La tunique était sacrée car seul Alexandre le Grand était autorisé à la porter, disait Antonis Bartsiokasprofesseur émérite d’anthropologie physique et de paléoanthropologie à l’Université Démocrite de Thrace et auteur de l’étude, publiée le 17 octobre dans le Journal d’archéologie de terrain. Au moment de la mort d’Alexandre, certaines personnes le considéraient comme un dieu, a déclaré Bartsiokas à Live Science dans un e-mail.
Cependant, tous les chercheurs avec lesquels Live Science s’est entretenu n’ont pas soutenu ces conclusions, un chercheur affirmant qu’il ne s’agit pas du tout d’une tunique.
Le tombeau d’un roi
Le vêtement a été trouvé en 1977 dans un coffre en or dans une tombe près de la ville de Vergina (anciennement capitale de la Macédoine), dans l’actuelle Grèce. Le tombeau possède deux squelettes qui sont, selon Bartsiokas, ceux d’Arrhidaeus et de son épouse Eurydice.
Après la mort d’Alexandre en 323 avant JC, Arrhidaeus devint roi de l’empire d’Alexandre. Les documents historiques indiquent qu’Arrhidaeus vivait avec une certaine forme de handicap mental et était incapable de gouverner. Les fonctionnaires et généraux d’Alexandre se sont battus pour le pouvoir et l’empire s’est désintégré avec le meurtre d’Arrhidaeus en 317 avant JC.
Bartsiokas soutient qu’après la mort d’Alexandre, cette tunique a été donnée à Arrhidaeus et, après la mort d’Arrhidaeus, elle a été enterrée avec lui.
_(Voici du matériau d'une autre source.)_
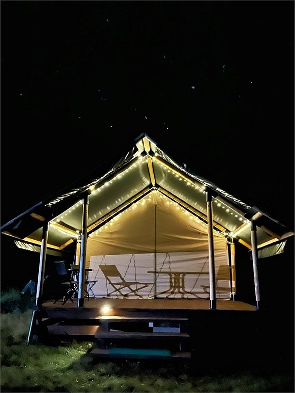 Шатер (палатка с комфортом отеля). Для желающих окунуться в настоящую походную романтику и уединение с природой, не теряя комфортное и уютное размещение.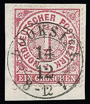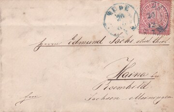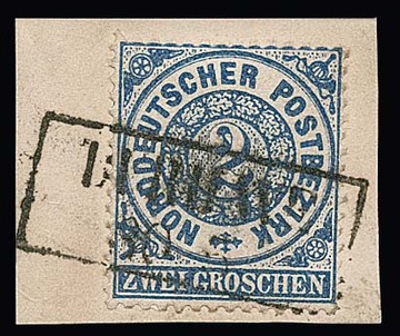"Damme", nachverwendeter blauer Ra2 vom 1.1., also Ersttag 1868 (da später nicht mehr in blau verwendet) auf Briefstück mit NDP 1 Gr. (kl. Randfehler)

Dans son article, Bartsiokas cite des preuves de cette idée, telles que l’art sur les murs de la tombe, des études sur les squelettes trouvés dans la tombe et une analyse de documents historiques anciens. Bartsiokas a également examiné des tests antérieurs effectués sur le vêtement, notamment la spectroscopie à rayons X à dispersion d’énergie, une technique qui analyse les rayons X pour déterminer de quoi est fait un objet, et la spectroscopie infrarouge à transformée de Fourier, qui utilise la lumière infrarouge pour analyser les objets.
La tunique d’Alexandre ?
Bartsiokas soutient que des tests effectués par d’autres chercheurs montrent que le vêtement était un sarapis ou une tunique. La tunique est composée de trois épaisseurs. Deux des couches sont en coton teint en violet. Entre les deux couches de coton se trouve une couche flexible d’un minéral appelé huntite. Le violet était porté par les rois du monde antique, a-t-il noté, et le coton était cultivé en Persemais pas en Grèce, à l’époque d’Alexandre. Des documents historiques anciens indiquent que « le coton a été introduit en Grèce et en Europe par l’armée d’Alexandre après la conquête de l’empire perse », écrit Bartsiokas dans son article.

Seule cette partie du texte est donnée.